Data extracted from a collection
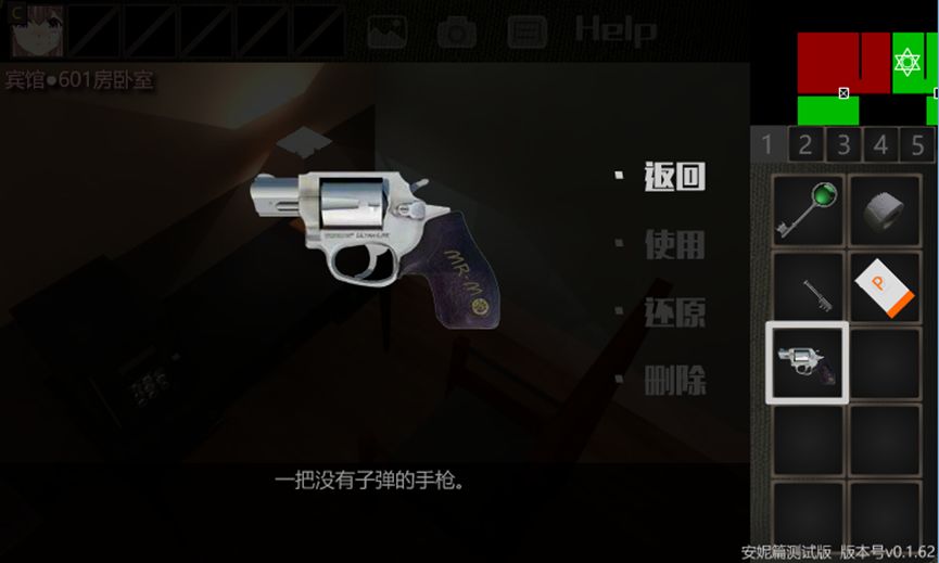 16.回到【宾馆·602房卧室】,取走洗手池上的【2号钥匙齿】,翻窗户,进入【宾馆·601房卧室】。后退2次,靠近保险箱,取走【手枪】。观察【手枪】,注意到写着MR.M。
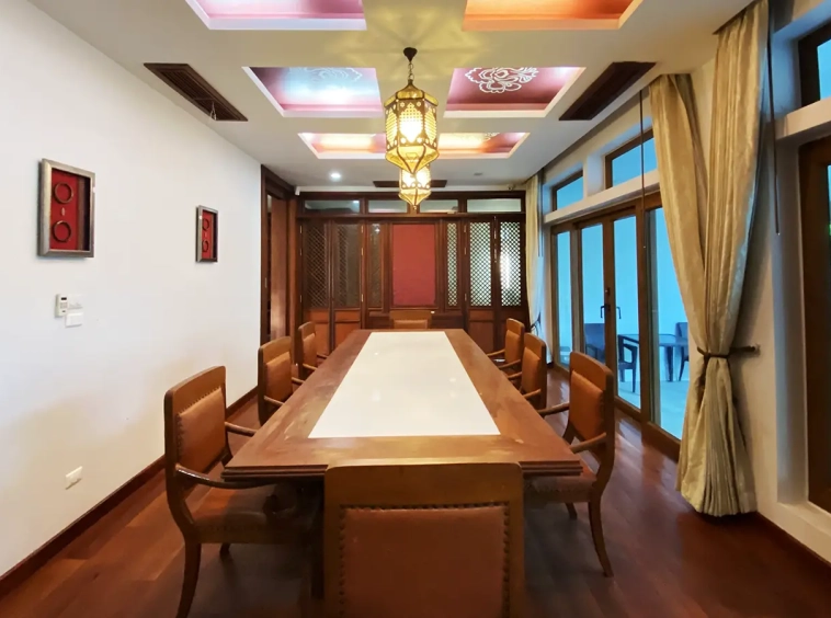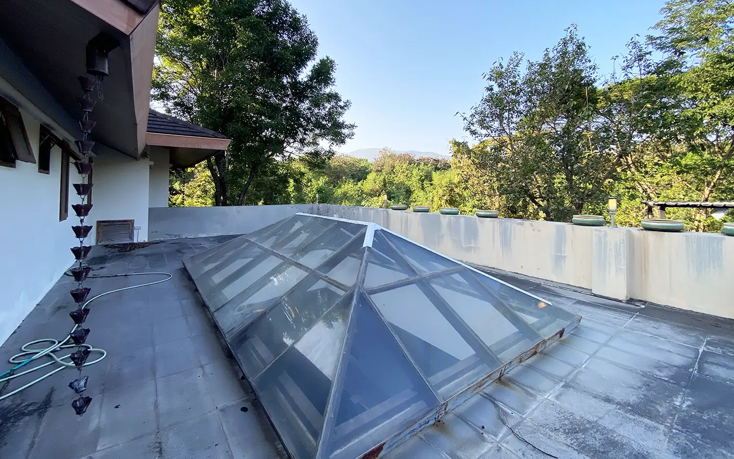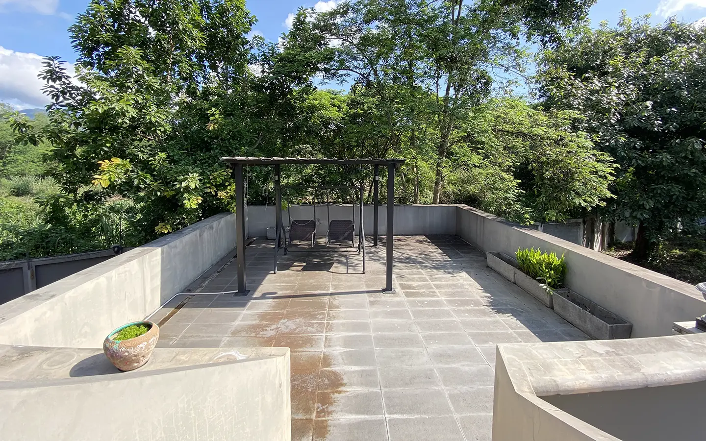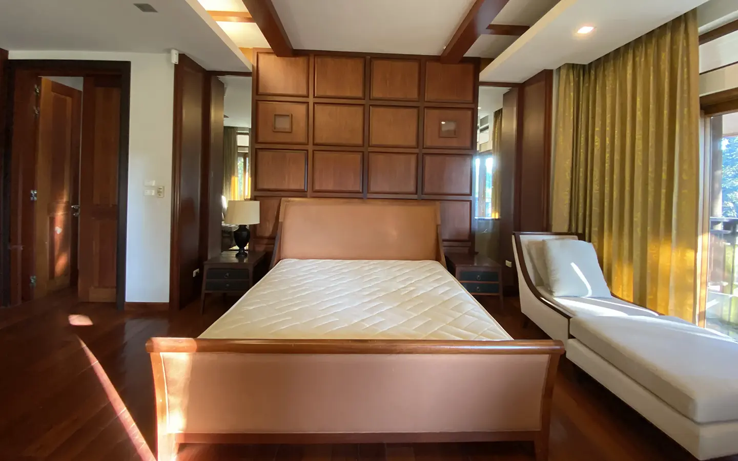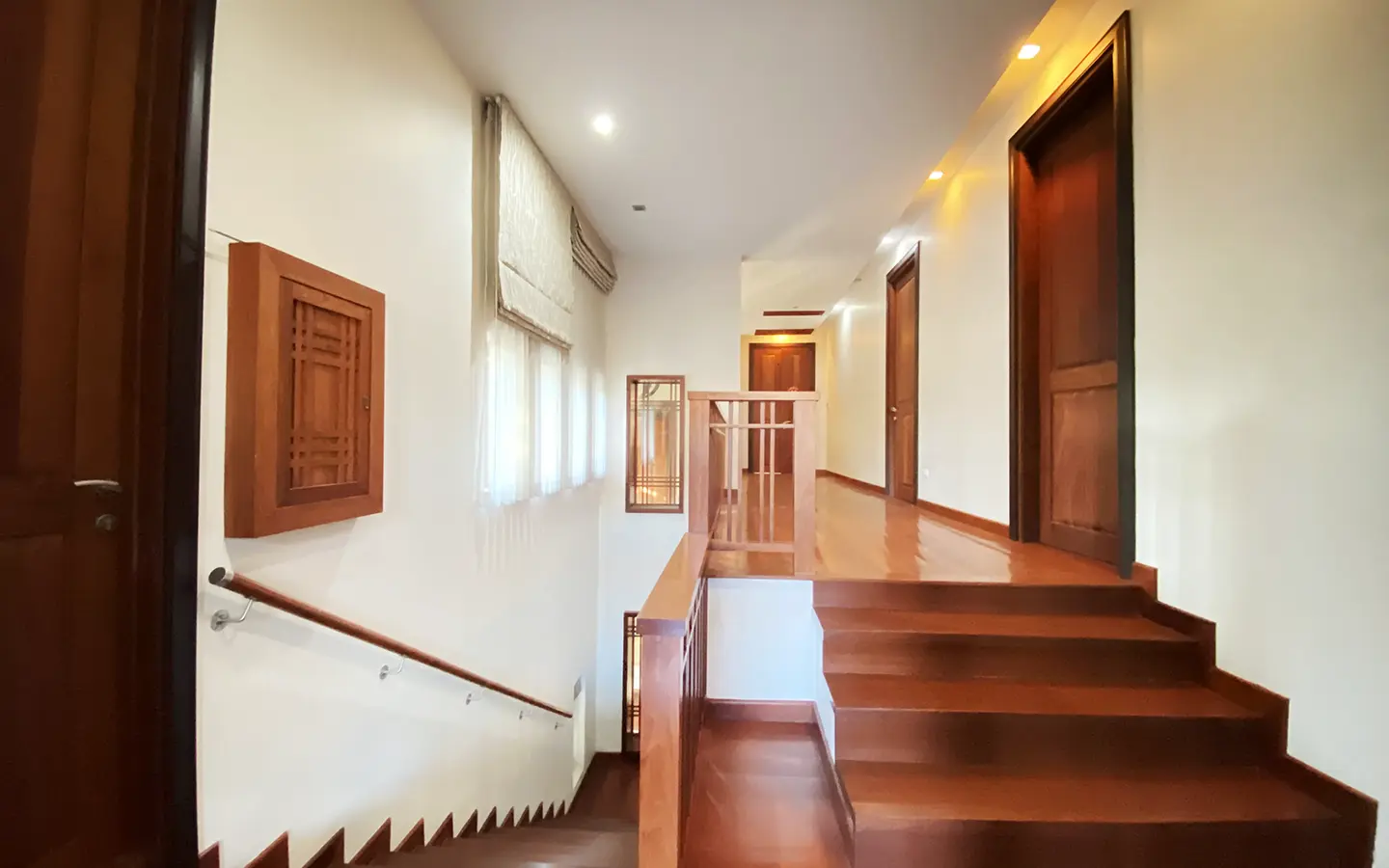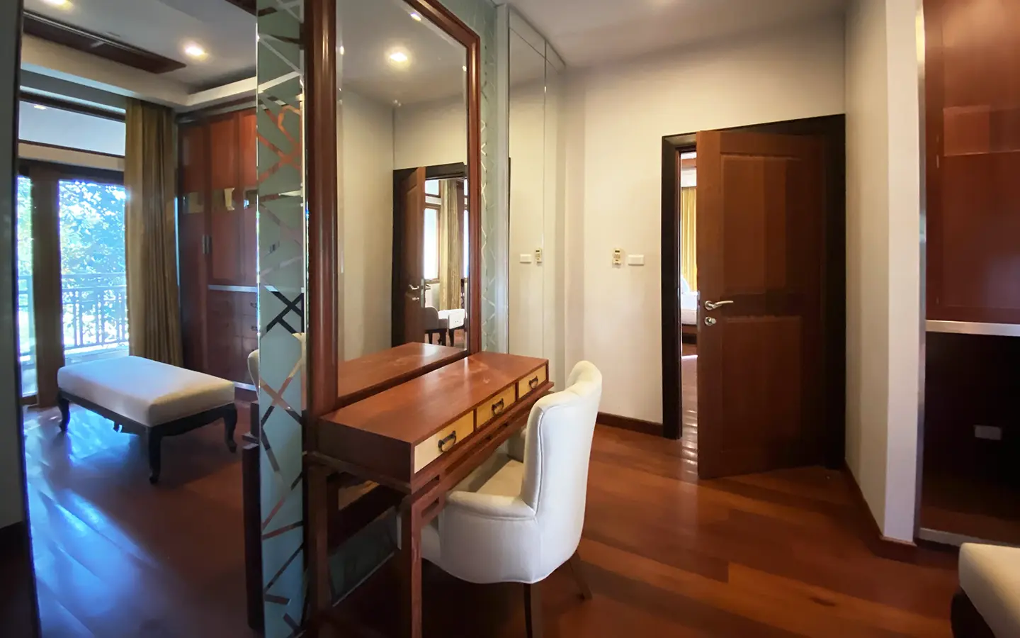 Going up the beautiful wood staircase there is a large hallway with railings looking down at the living area below. There is a sitting room with access to a large terrace. 2 ensuite guest bedrooms, a study which has access to the rooftop terrace with gorgeous panoramic views of the mountain and Doi Suthep and Doi Kham temples. The master bedroom has its own sitting area and a wrapped-around terrace with greenery views. It also comes with a large walk-in dressing room and a large bathroom with a jacuzzi and walk-in shower. There is a central a/c throughout the house.
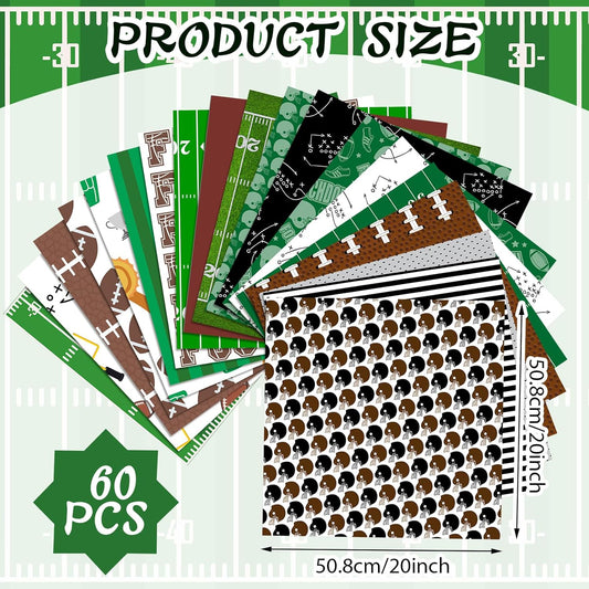 Ganeen 60 Pcs 10 x 10 Inch Football Quilting Fabric Squares Vintage Football Fat Patchwork Precut Strips Retro Green and Brown Fabric Bundles for Holiday DIY Craft Sewing Quilt Material Handmade
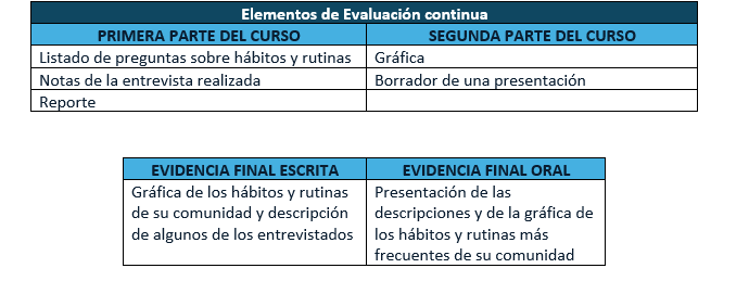 Evidencia final oral: Presentación de las descripciones y de la gráfica de los hábitos y rutinas más frecuentes de su comunidad.
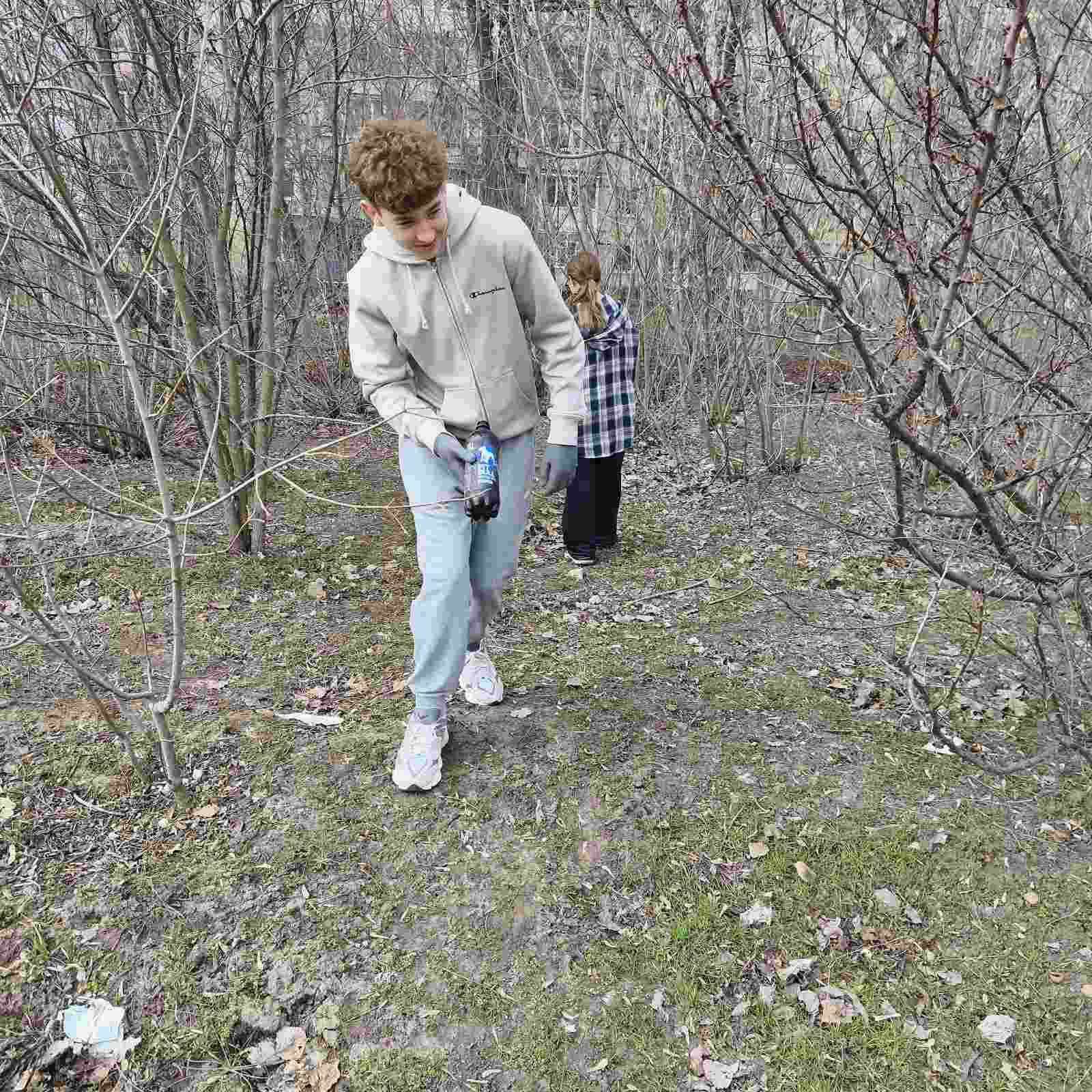 Учні та педагогічний колектив школи навели лад на прилеглій території закладу та вийшли на прибирання зеленої зони міста.
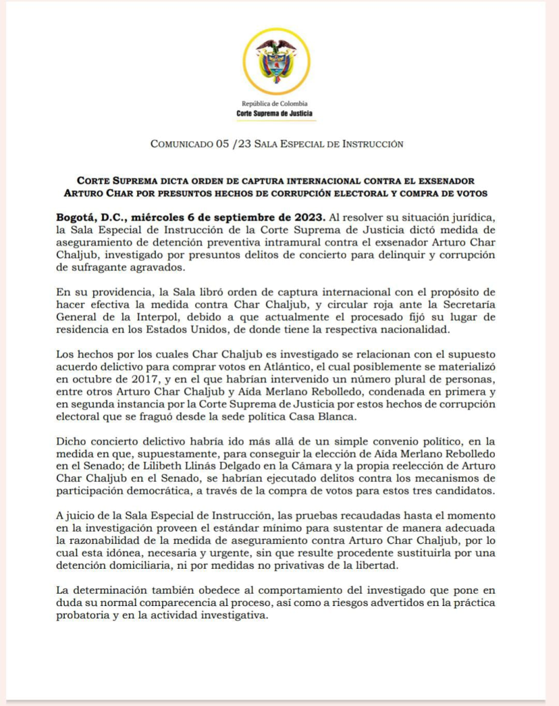 Al resolver su situación jurídica, la Sala Especial de Instrucción de la Corte Suprema de Justicia dictó medida de aseguramiento de detención preventiva intramural contra el exsenador Arturo Char Chaljub, investigado por presuntos delitos de concierto para delinquir y corrupción de sufragante agravados.
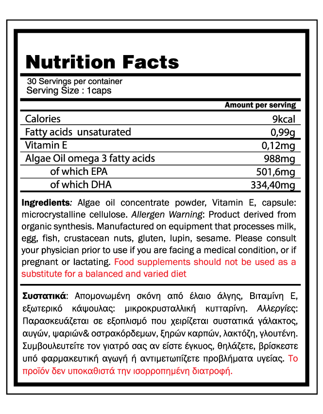 Το Omega 3 της Gold Touch nutrition προέρχεται από την άλγη σε αντίθεση με πολλά άλλα συμπληρώματα διατροφής, τα οποία έχουν ως βάση το ιχθυέλαιο. Αυτό της δίνει ένα συγκριτικό πλεονέκτημα καθώς εξασφαλίζει ότι δεν περιέχονται βαρέα μέταλλα και άλλες τοξίνες οι οποίες τα τελευταία χρόνια λόγω της ρύπανσης των θαλασσών, συσσωρεύονται στα ψάρια. Επίσης οι κάψουλες είναι άοσμες και δεν αφήνουν επίγευση.
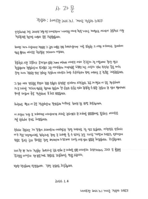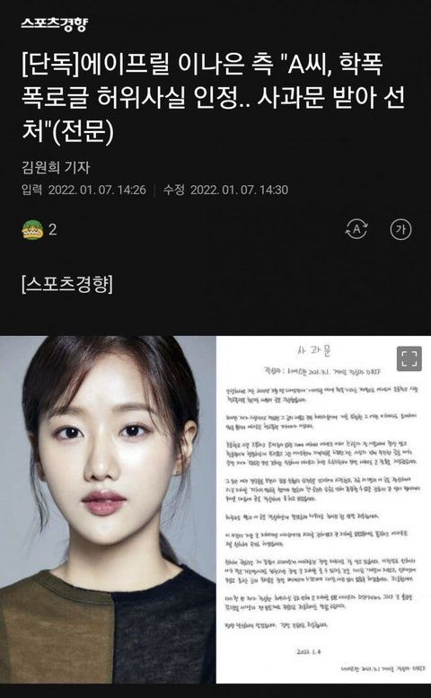 [단독]에이프릴 이나은 측 "A씨, 학폭 폭로글 허위사실 인정.사과문
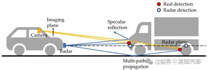 是深度估计的子问题,其目的是使用距离传感器测量的稀疏深度来恢复图像的密集深度图。如下图所示,由于多路径传播,雷达可以看到非视距高反射物体,例如轮圈和被遮挡的车辆,这种现象称为透视效应。在3D坐标中很有用,但会带来将雷达检测与图像视图中的视觉对象关联起来的困难。

▶ Requirement:
A word-for-word copy of the records is required. Leave out every picture.

▶ Answer section:
 16.回到【宾馆·602房卧室】,取走洗手池上的【2号钥匙齿】,翻窗户,进入【宾馆·601房卧室】。后退2次,靠近保险箱,取走【手枪】。观察【手枪】,注意到写着MR.M。
 Going up the beautiful wood staircase there is a large hallway with railings looking down at the living area below. There is a sitting room with access to a large terrace. 2 ensuite guest bedrooms, a study which has access to the rooftop terrace with gorgeous panoramic views of the mountain and Doi Suthep and Doi Kham temples. The master bedroom has its own sitting area and a wrapped-around terrace with greenery views. It also comes with a large walk-in dressing room and a large bathroom with a jacuzzi and walk-in shower. There is a central a/c throughout the house.
 Ganeen 60 Pcs 10 x 10 Inch Football Quilting Fabric Squares Vintage Football Fat Patchwork Precut Strips Retro Green and Brown Fabric Bundles for Holiday DIY Craft Sewing Quilt Material Handmade
 Evidencia final oral: Presentación de las descripciones y de la gráfica de los hábitos y rutinas más frecuentes de su comunidad.
 Учні та педагогічний колектив школи навели лад на прилеглій території закладу та вийшли на прибирання зеленої зони міста.
 Al resolver su situación jurídica, la Sala Especial de Instrucción de la Corte Suprema de Justicia dictó medida de aseguramiento de detención preventiva intramural contra el exsenador Arturo Char Chaljub, investigado por presuntos delitos de concierto para delinquir y corrupción de sufragante agravados.
 Το Omega 3 της Gold Touch nutrition προέρχεται από την άλγη σε αντίθεση με πολλά άλλα συμπληρώματα διατροφής, τα οποία έχουν ως βάση το ιχθυέλαιο. Αυτό της δίνει ένα συγκριτικό πλεονέκτημα καθώς εξασφαλίζει ότι δεν περιέχονται βαρέα μέταλλα και άλλες τοξίνες οι οποίες τα τελευταία χρόνια λόγω της ρύπανσης των θαλασσών, συσσωρεύονται στα ψάρια. Επίσης οι κάψουλες είναι άοσμες και δεν αφήνουν επίγευση.
 [단독]에이프릴 이나은 측 "A씨, 학폭 폭로글 허위사실 인정.사과문
 是深度估计的子问题,其目的是使用距离传感器测量的稀疏深度来恢复图像的密集深度图。如下图所示,由于多路径传播,雷达可以看到非视距高反射物体,例如轮圈和被遮挡的车辆,这种现象称为透视效应。在3D坐标中很有用,但会带来将雷达检测与图像视图中的视觉对象关联起来的困难。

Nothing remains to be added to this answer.